A language can be heavily Sanskritized, yet distinctively Dravidian,
examples: Malayalam and Telugu.

In fact, the least Sanskritized  language in colloquial use is colloquial Hindi (also known as Hindustani),
people would rather die than utter *pustak *(instead of kitab) or *hriday *(instead of dil). In spoken Hindi, it's the Urdu/Arabic/Persian-loans what it's considered cute and poetic.


----------



## Shyam Krishnan

Tamil has 100s of words from Sanskrit. Both languages have existed in the same land mass for 1000s of years barely separated by 1000 kilometers or so . So how can both remain isolated ? The following are the sanskrit derived words in tamil which I can say right now . Explanation of relation / origin is provided in brackets 

amma ( From sanskrit mata . Original tamil word tai is depreciated ) , raja (Original tamil word mannan is no longer used) , dooram ( Hindi word door for distance) , varam ( same as var in Hindia for week ) , dinam ( Same as din in Hindi) , masam ( fo / mahina ) , saukyam ( Same as Sukh in Hindi ) , suryan ( Sury , Sun ) , Chandran ( Hind: Chand ) . Also most modern day tamil first names are of Sanskrit origin due to religious reasons . More sanskrit dervied words: sansaram ( Hindi Sansar ) , Padkarathu ( Hindi Padna for learning) , mama ( Same as Hindi Mama ) , papam ( Hindi Pap of religious origin ), nasam ( Hindi word Nash )  , Manithan ( Hindi : Manushy) ,  Meen ( Sanskrit: Matsya. This could be a world from Tamil to Sanskrit , the other way around) , Kavitai ( Hindi Kavita for poem)

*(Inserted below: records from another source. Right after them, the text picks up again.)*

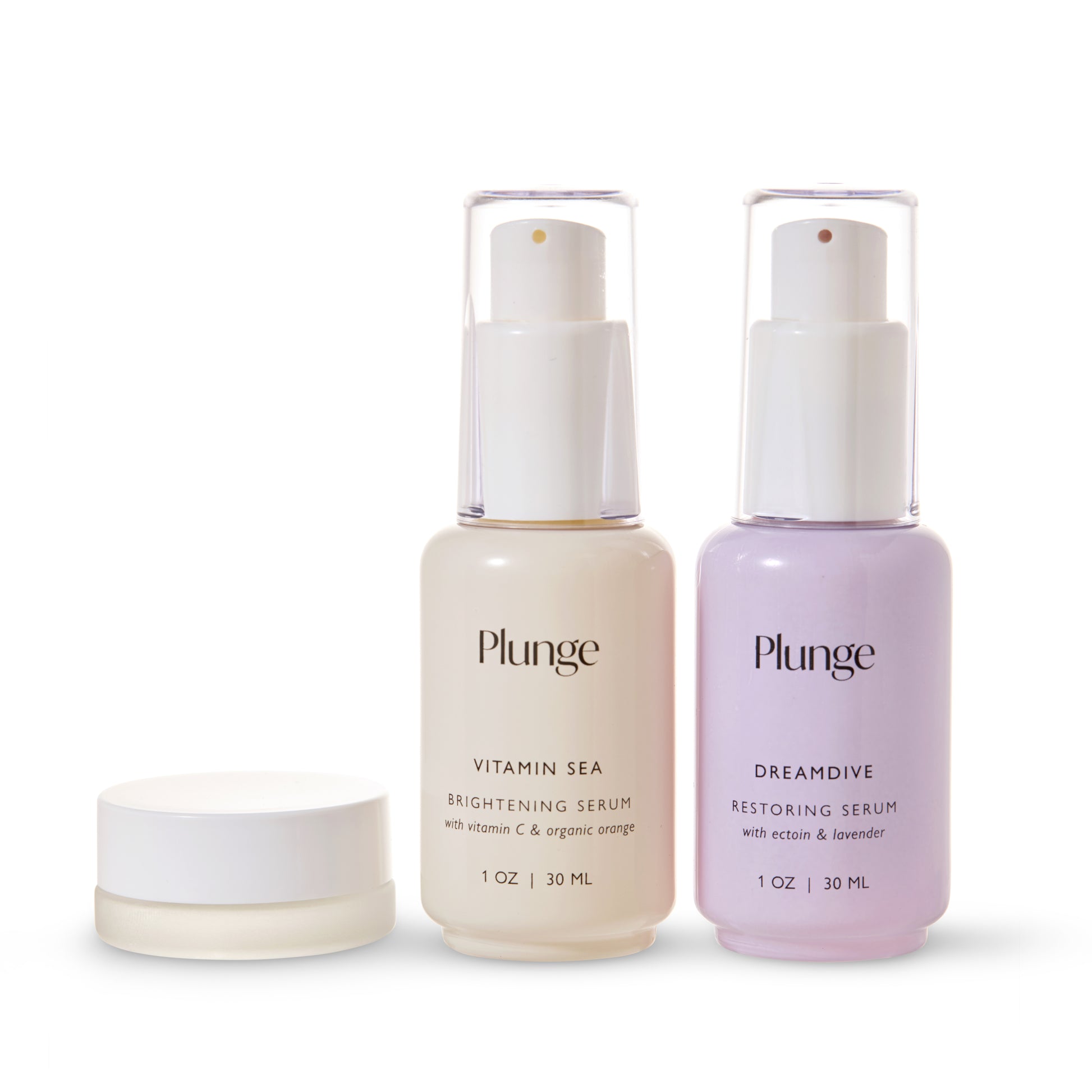 The ultimate Plunge ritual: a three-piece system designed for complete care. Brighten with Vitamin Sea by day, smooth and soothe with DreamDive by night, and refresh the delicate eye area anytime with Ocean Your Eyes. This bundle covers your essentials in one routine.
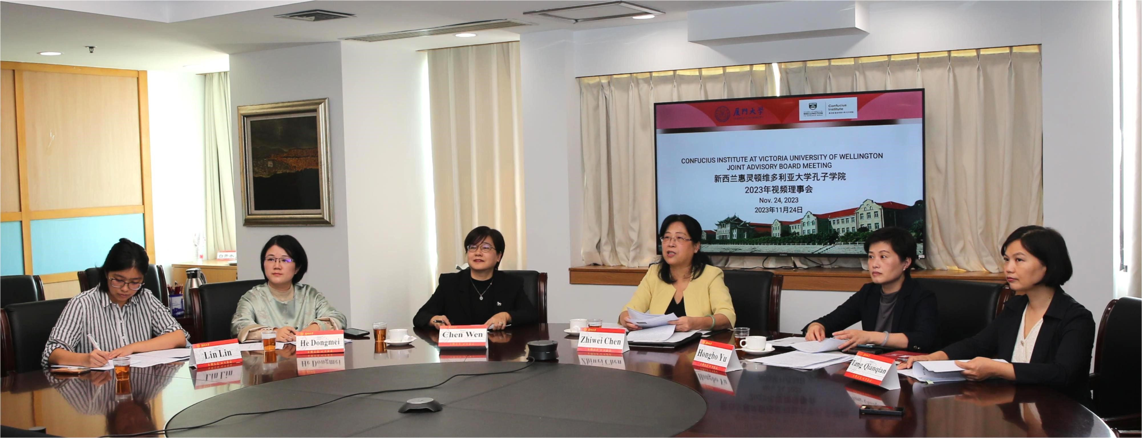 11月24日上午,厦门大学副校长史大林与惠灵顿维多利亚大学副校长拉维尼娅•希金斯(Rawinia Higgins)进行视频会晤,双方就孔子学院的建设发展以及两校交流合作等方面交换意见。视频会晤后,惠灵顿维多利亚大学孔子学院年度理事会随即召开,中国驻新西兰大使馆教育参赞董志学应邀出席会议,惠灵顿维多利亚大学国际处处长、孔院理事长邵俊伦(Roger shew),孔院外方院长白若兰(Adele Bryant),罗托鲁瓦男子高中校长克里斯•格林特(Chris Grinter),厦门大学海外办学办执行主任、国际合作与交流处副处长(主持工作)余宏波,孔院中方院长赵叶珠,候任中方院长陈雯以及中外语言交流合作中心相关工作人员一同参会。会议由厦门大学国际中文教育学院/海外教育学院院长陈志伟主持。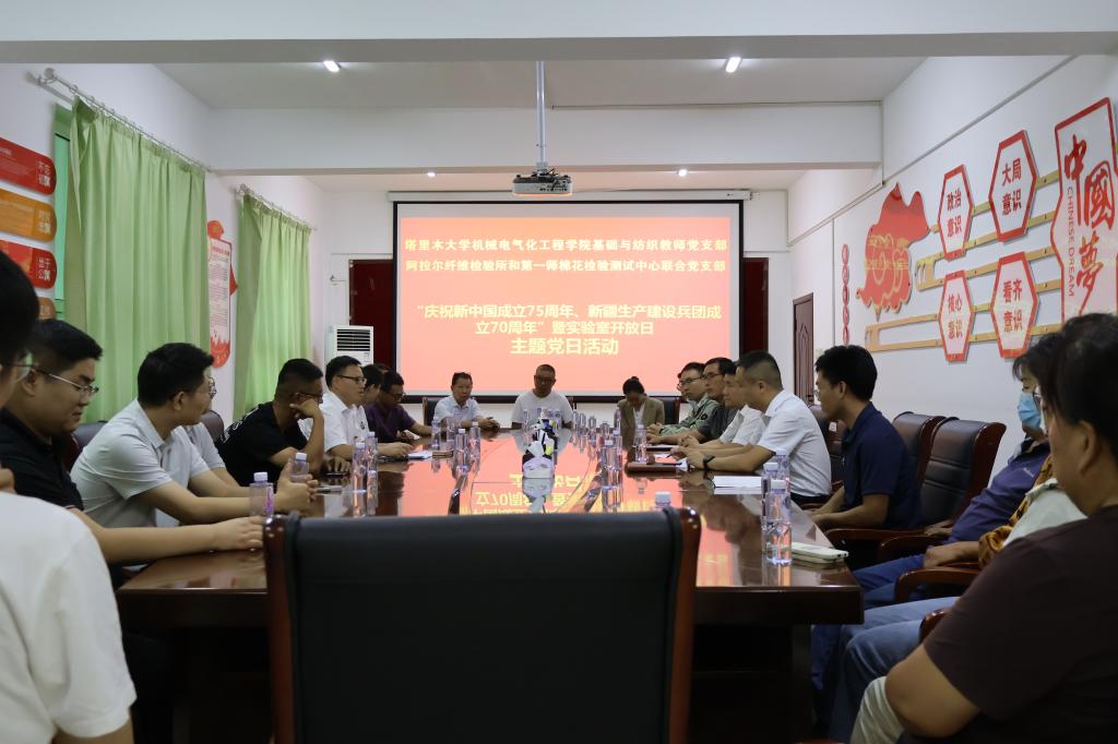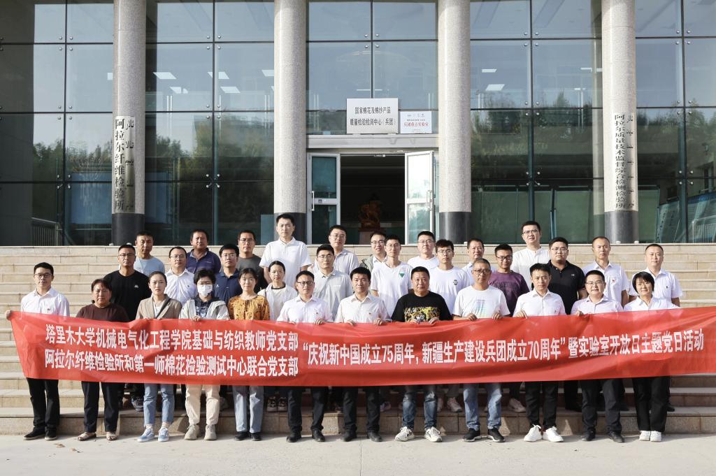 为庆祝中华人民共和国成立75周年及新疆生产建设兵团成立70周年。9月25日,学院基础与纺织教师党支部书记孔德国等一行人赴阿拉尔纤维检验所和第一师棉花检验测试中心举办了一场别开生面的主题党日暨实验室开放日活动。此次活动不仅增进了产学研的深度融合,也为推动一师棉花、纺织产业的高质量发展注入了新的活力。

     Since both languages are old, it is quiet obvious that a lot of borrowings of words has ocurred. Some borrowing of syntax and script has also ocurred between both languages.

     The current anti hindi attitude prevalent among some Tamilians is purely of Political origin and has no historical basis. The names  Karuna Nidhi and Jaya lalitha , both super heads of dravidian parties , are sansrit words  ,which proves the base lesssnes of these political movements.

Shyam


----------